- Elon Musk amended his lawsuit against OpenAI and Microsoft, redirecting any potential damages — estimated at more than $150 billion — to OpenAI’s original charitable foundation rather than to himself.
- Musk’s attorney Marc Toberoff confirmed that Musk “is not seeking a single dollar for himself,” reframing the suit as a charitable enforcement action.
- The amended complaint demands the removal of CEO Sam Altman from the foundation’s board and asks the court to require both Altman and President Greg Brockman to surrender their equity and financial benefits to the foundation.
- The trial is scheduled to begin in April 2026 in Oakland, California; OpenAI, valued at $852 billion and planning an IPO, has asked state attorneys general to investigate Musk’s conduct.
What Happened
Elon Musk filed an amended complaint in his ongoing lawsuit against OpenAI and Microsoft, restructuring the relief he is seeking so that any potential damages — estimated by his legal team at more than $150 billion — would go to OpenAI’s original charitable foundation rather than to Musk personally. Marc Toberoff, Musk’s attorney, told the Wall Street Journal that Musk “is not seeking a single dollar for himself.” The development was reported by The Decoder on April 9, 2026.
The amendment marks a tactical shift in how the lawsuit is framed publicly. By directing any damages to the foundation, Musk’s team positions the suit as an effort to restore value to the nonprofit entity rather than as personal financial recovery — a distinction that may affect judicial reception and public perception of the case. The trial is scheduled to begin this month in Oakland, California.
Why It Matters
OpenAI is currently valued at $852 billion and is planning an initial public offering, making the lawsuit’s outcome directly relevant to the company’s corporate restructuring timeline. The suit challenges the legal validity of OpenAI’s transition from a pure nonprofit to a capped-profit commercial entity, a structural change that requires regulatory sign-off from the attorneys general of both California and Delaware.

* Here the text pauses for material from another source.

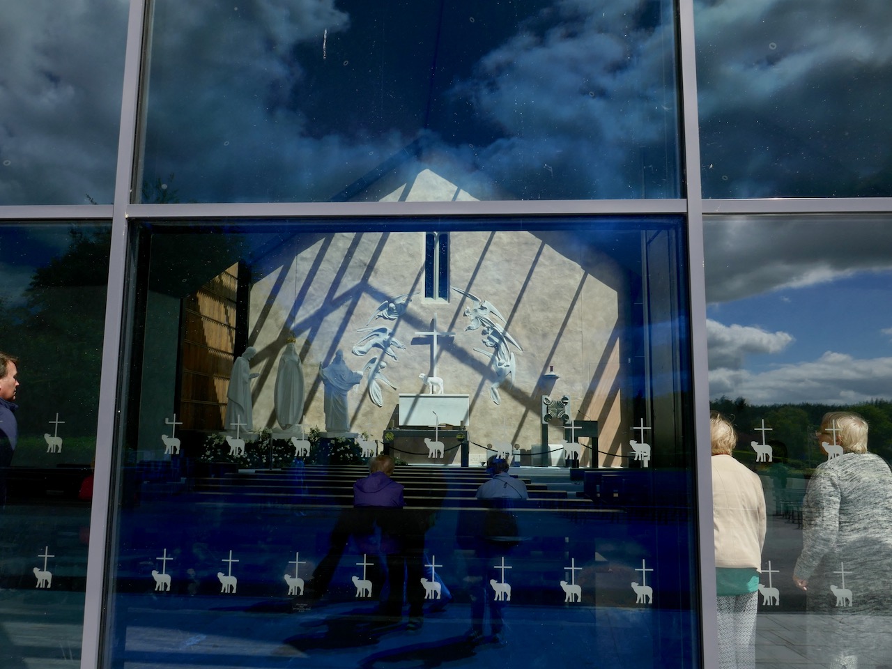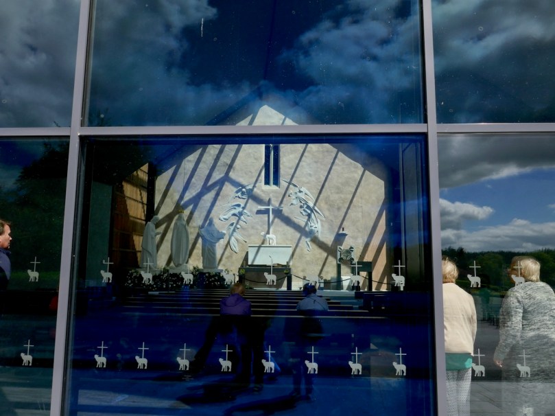 Our travels have taken us to quite a few Christian pilgrimage sites in Ireland: they are all fascinating, and range from St Patrick’s holy mountain – Croagh Patrick (where snakes were cast out of this country forever) – through the rather daunting Station Island on Lough Derg (where a medieval pilgrim entered, and returned from, Purgatory) to the more ‘unofficial’ shrine at Ballinspittle, here in West Cork, where a statue of the Virgin was seen to move (by hundreds of onlookers) in 1985. Recently we found ourselves in Mayo, so a trip to Ireland’s most impressive shrine – at Knock – was essential.

Musk’s amended filing arrives as OpenAI pursues its own legal escalation. The company has formally asked the attorneys general of Delaware and California to investigate Musk’s conduct in connection with the case, adding a regulatory dimension to the dispute beyond the courtroom proceedings.
Technical Details
The amended complaint seeks two specific forms of injunctive relief beyond monetary damages: removal of CEO Sam Altman from the OpenAI nonprofit foundation’s board, and a court order compelling both Altman and President Greg Brockman to surrender their equity stakes and financial benefits derived from the commercial entity to the foundation. Musk’s legal team contends that these benefits were improperly obtained by exploiting the nonprofit’s tax-exempt status and by defrauding early donors, including Musk himself.
The $150 billion figure represents Musk’s lawyers’ estimate of the value the nonprofit foundation was deprived of through the for-profit conversion. Microsoft, which has made substantial investments in OpenAI across multiple rounds since 2019, remains a named co-defendant. The central legal theory holds that OpenAI’s commercial growth to an $852 billion valuation was built on a nonprofit structure that early donors funded under different terms.
Musk’s claims are complicated by contemporaneous evidence cited in prior reporting: early interview notes indicate that Musk agreed to adding a for-profit unit in 2017 and participated in transition discussions while the nonprofit structure remained formally in place.
Who’s Affected
Altman and Brockman face the most direct consequences under the proposed relief — forfeiture of equity positions and removal from foundation governance — if a court rules in Musk’s favor. OpenAI’s broader investor base, which includes Microsoft as a major stakeholder, holds stakes tied to the planned IPO; unresolved litigation could complicate the regulatory approvals required for OpenAI’s conversion to a fully for-profit public benefit corporation.
OpenAI characterized the suit publicly as “a harassment campaign driven by ego, jealousy and a desire to slow down a competitor,” in a post on X. The company’s request for state-level attorney general investigations against Musk represents an escalation beyond courtroom proceedings, placing Musk’s own conduct under formal regulatory scrutiny.
What’s Next
The trial is scheduled to begin in April 2026 in Oakland, California, with both parties arriving after an extended pretrial period marked by competing legal escalations. OpenAI’s planned IPO and conversion to a public benefit corporation both require regulatory approvals that an active, high-profile trial could delay or complicate. Should a court grant Musk’s requested relief — requiring Altman or Brockman to surrender equity to the charitable foundation — the ruling would have no direct precedent in nonprofit-to-commercial conversion disputes in the technology sector.